Catherine Walker plays Sophia, a grieving mother who hires Joseph Solomon (Oram,) a modern day warlock or shaman, to help her speak to her dead child, or at least that is the pretense that she has given him. Each of them have trauma and issues that are initially unspoken, but are revealed in key moments. Solomon brings a great deal of pain and anger to the experience. They are isolated in a house (filmed in Northern Wales) that Sophia is renting and this key trope of folk horror is both essential and a great way to save funds by only having essentially one location to shoot. In fact, they left the house in the same state they found it, in disrepair and filthy, giving the cast additional motivation for their performances. The film shows the mystical process of connecting to a Guardian Angel, based on the book of Abramelin. It shows them performing purifying rituals and other techniques, over the period of several months, effectively showing how this is a slow yet dangerous process.

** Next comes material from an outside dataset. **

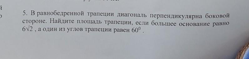 В равно бедренной трапеции диагональ перпендикулярна боковой стороне. Найдите площадь трапеции, если большее основание равно 6√2, а один из углов трапеции равен 60°?

Gavin does a superb job of slowly building the tension and ratcheting the suspense up very slowly. Many films will have moments to give the audience some release. Here there is nothing but continued pressure until the very end. The film works on the premise of what it would be like to take a situation that normally would have been presented in the distant past, but here firmly places it in the current time frame. Solomon may have been an esteemed member of society in a different era, but today he is a bitter, angry, alcoholic trying to escape the world. Sophia is a woman unable to process her grief for her lost child, especially when it comes to forgiveness. Who is to blame for the tragedy? Put them together and you have a dangerous mix that Gavin uses to challenge the audience with expectations and emotions.
One distinguishing and unique aspect that the film examines is the concept of a Guardian Angel. This intersection of folk tale and Judeo-Christian ideas is presented in a novel and transcendental way. It begs the question of what you would do if you were actually to meet your Guardian Angel. What would you ask for?